The Ethiopian invasion and the depredations of the TFG were supported, either openly or tacitly, by the West. The US provided intelligence and military assistance, shielded Ethiopia from criticism at the UN, used the Ethiopians for the “rendition” of Somali terrorist suspects and launched its own gunship and missile attacks inside Somalia. The TFG police, which committed vicious crimes against the civil population, are funded by western governments. A number of warlords have been directly armed by the US as part of its counter-terrorism operations.

The result has been what many would have considered an impossibility – Somalia is now in a worse situation than it was in the 1990s. Anarchic and apocalyptic Islamist groups, collectively known as al shabaab (the youth) and made up in many cases of child soldiers, are taking control of most of Mogadishu and much of southern Somalia. The West has conjured up in reality the monster it was fighting in theory – an extreme and unpredictable jihadist movement, ideologically aligned to al-Qaeda. The “war on terror” has called forth the enemy it needs.

Politically, the so-called international community has done nothing but harm in Somalia. By colluding in abuses of civilians and supporting the Ethiopian invasion, the West has managed merely to discredit itself in the eyes of Somalis while leaving them to the tender mercies of the very extremist Islamism it was trying to fight.

Seeing Somalia through the lens of the “war on terror”, the US and the EU supported a “government” that has no ability to govern, and aided an Ethiopian invasion that was seen by a majority of the population as a proxy for the US. The result has not been to create a bulwark against Islamist extremism but to give a massive boost to hardcore jihadists within Somalia. By helping to destroy the complex coalition of Islamists in the ICU (whose reign is now seen as a relative golden age) the US created, not a moderate pro-western government but a potential Islamist equivalent of the Khmer Rouge. The ultimate measure of this failure is that the US and the EU now support Sheikh Sharif Sheikh Ahmed, leader of the old ICU and now president of the theoretical western-backed government. Having helped to topple him when he had authority, they now try to prop him up when he has none.

The result of all of this has been a terrible, but largely unreported, humanitarian disaster. At least 3.5 million people are now on the edge of a precipice, without access to food, health services or basic security. Levels of malnutrition are among the highest in the world. Conditions in camps for displaced people and refugees are appalling. Access for aid agencies (and journalists) is increasingly difficult.

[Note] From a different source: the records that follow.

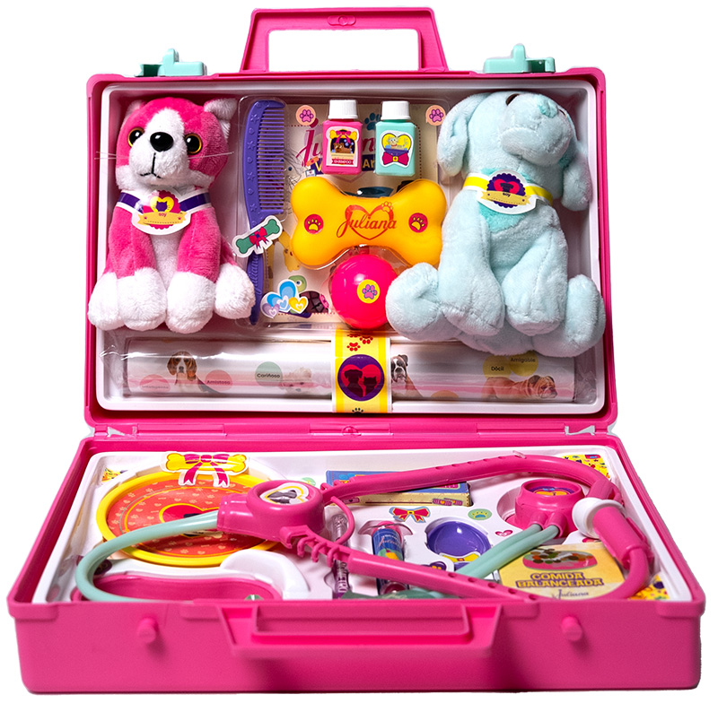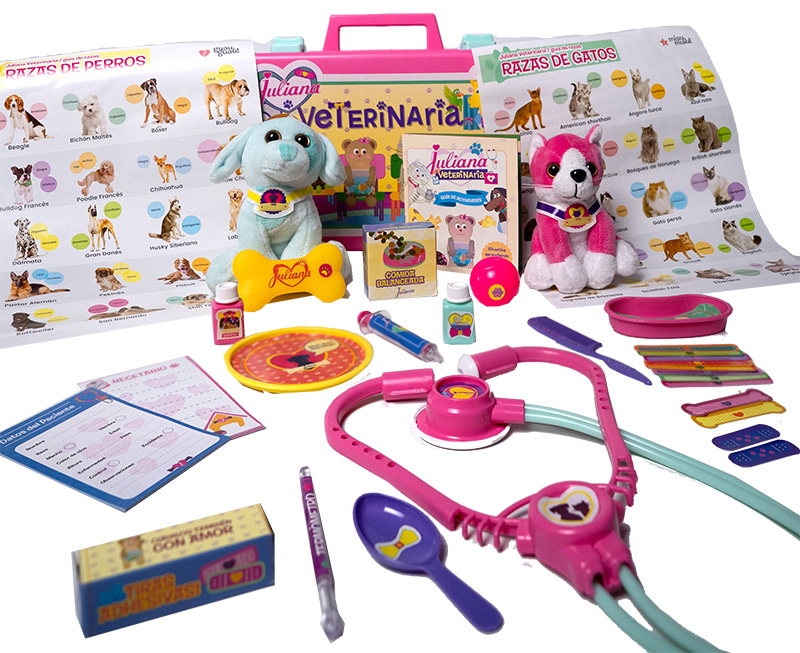 Mascotas de peluche (gato y perro), estetoscopio, jeringa, termómetro, peine, huesito y pelotita de juguete, recipiente para shampoo de perro y gato, bandeja para perro y gato, caja de comida balanceada, cuchara, tiras adhesivas, un librito de actividades sobre animales y un póster informativo sobre las diferentes razas.
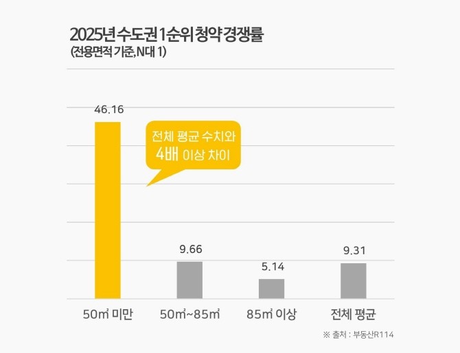 부동산R114 자료를 보면, 지난해 수도권 초소형 아파트는 1순위 청약 결과 △모집 755가구(특별공급 제외) △접수 3만4852건으로, 평균 경쟁률 46.16대 1을 기록했다. 이는 수도권 1순위 평균 경쟁률(9.31대 1) 4배를 상회하는 수치다.
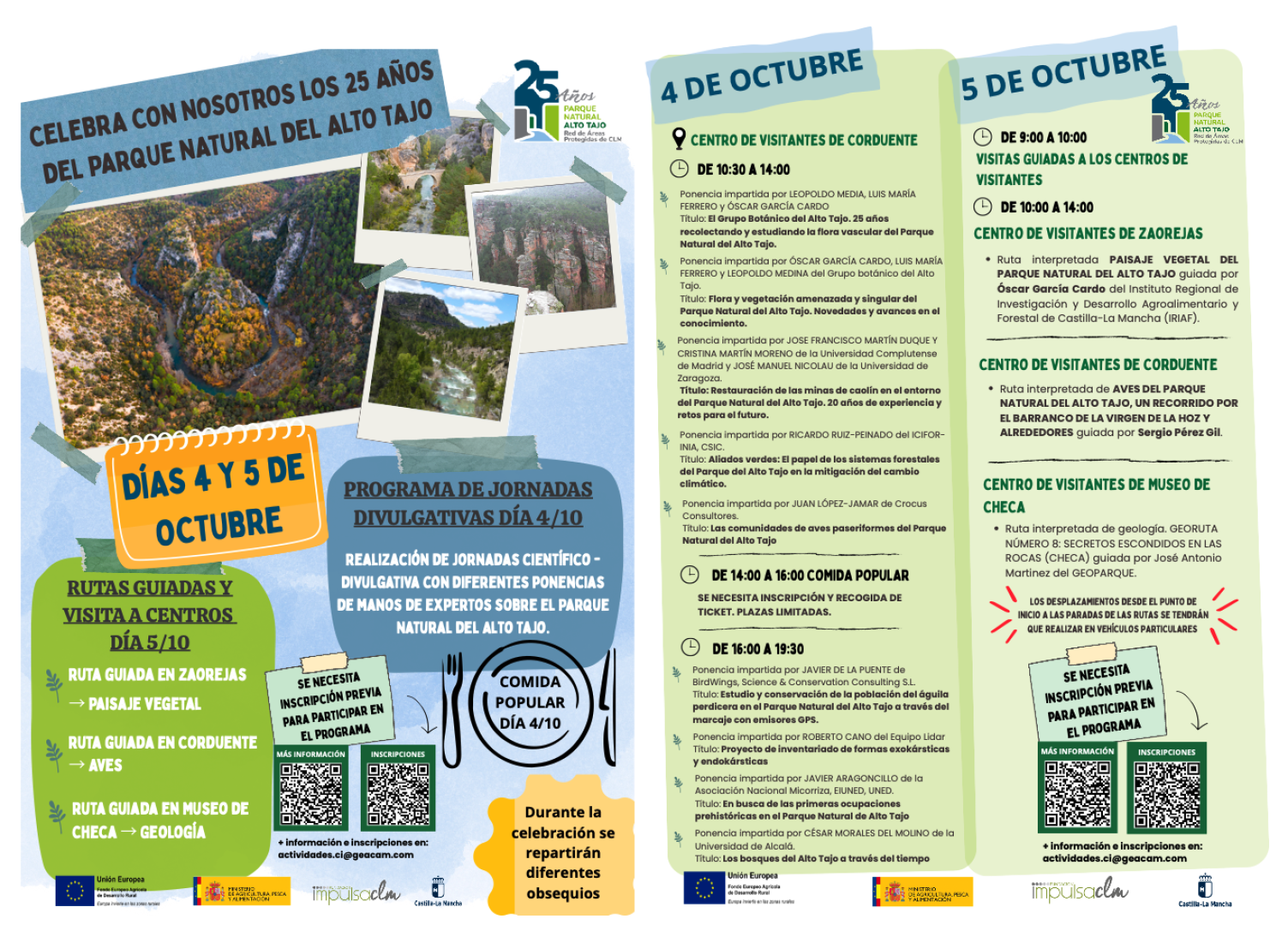 Los días 4 y 5 de octubre de 2025, el Parque Natural de Alto Tajo celebrará su 25 aniversario con una serie de eventos y actividades diseñadas para resaltar la belleza y riqueza natural de esta área protegida
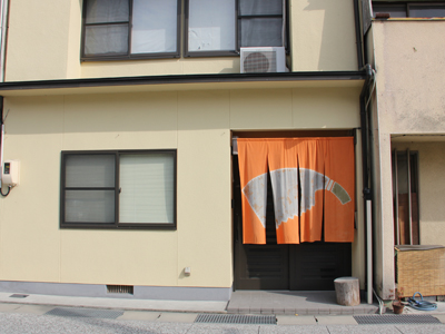 The Tsuji family's house was formerly a shop where craftsmen would sharpen dull saws. This craft is called metate in Japanese. They wanted to base their noren's design on a treasured family heirloom: a saw that was made by an ancestor who used to be one of these metate craftsmen. A special dyeing technique was used to make it look like a real saw with rust on the blade. This time, their noren's design remained the same but the background color was changed. |
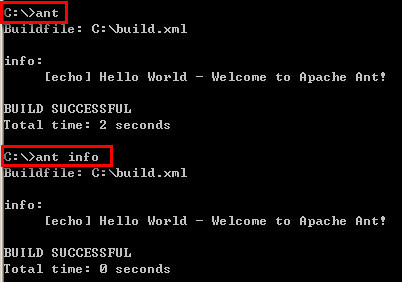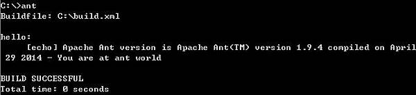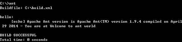 Buildfile: C:\Documents and Settings\paulstarchen\workspace\Test\build.xml clean: [mkdir] Created dir: C:\Documents and Settings\paulstarchen\workspace\Test\WebContent\WEB-INF\classes build: [javac] Compiling 1 source file to C:\Documents and Settings\paulstarchen\workspace\Test\WebContent\WEB-INF\classes BUILD SUCCESSFUL Total time: 4 seconds
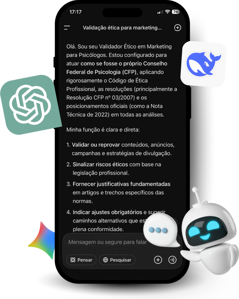Acabe com o medo de cometer uma infração ética. Você vai ter acesso a um prompt de Inteligência Artificial treinado especificamente com as diretrizes do Conselho Federal de Psicologia.
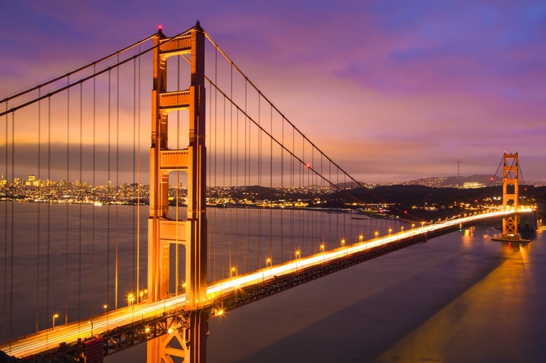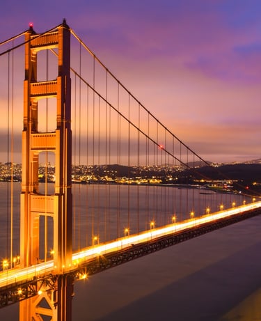 With the ever changing weather patters in the San Francisco bay area I had to seize the opportunity to capture the Golden Gate Bridge. I spent the better part of the afternoon checking all vantage points along the hillside. I wanted to show as much detail across the entire frame. Typically called the blue hour, this is the period of twilight during dusk when the sun is well below the horizon and the residual light takes on a predominantly blue hue. With that and the city lights casting more colors this photo was well worth the wait.
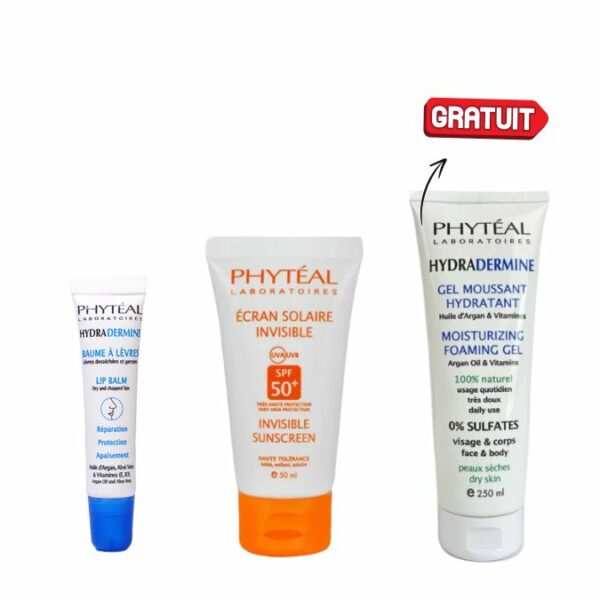 1 PACK PHYTÉAL ECRAN INVISIBLE SPF50+ 50ml + BAUME A LEVRE + HYDRADERMINE 250 ML OFFERT
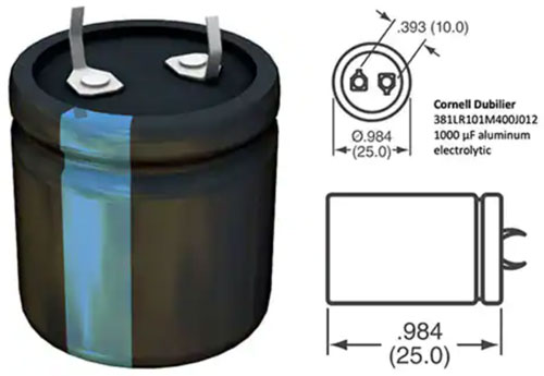 圖 2:381LR 鋁電解電容器的額定電壓為 200 至 450 VDC,額定電容為 56 至 2200 μF。(圖片來源:Jeff Shepard,基于 Cornell Dubilier Electronics 提供的原始材料)

No one seems to know what to do about Somalia, but pretending that there is a nice democratic government to support is doing more harm than good. The EU, including Ireland, must stop the pretence and refuse to give arms or aid to anyone who is abusing civilians. The US and the EU must look again at Somalia, not through the narrow prism of the “war on terror” but with profound shame that other people are still paying for the West’s ignorance and arrogance.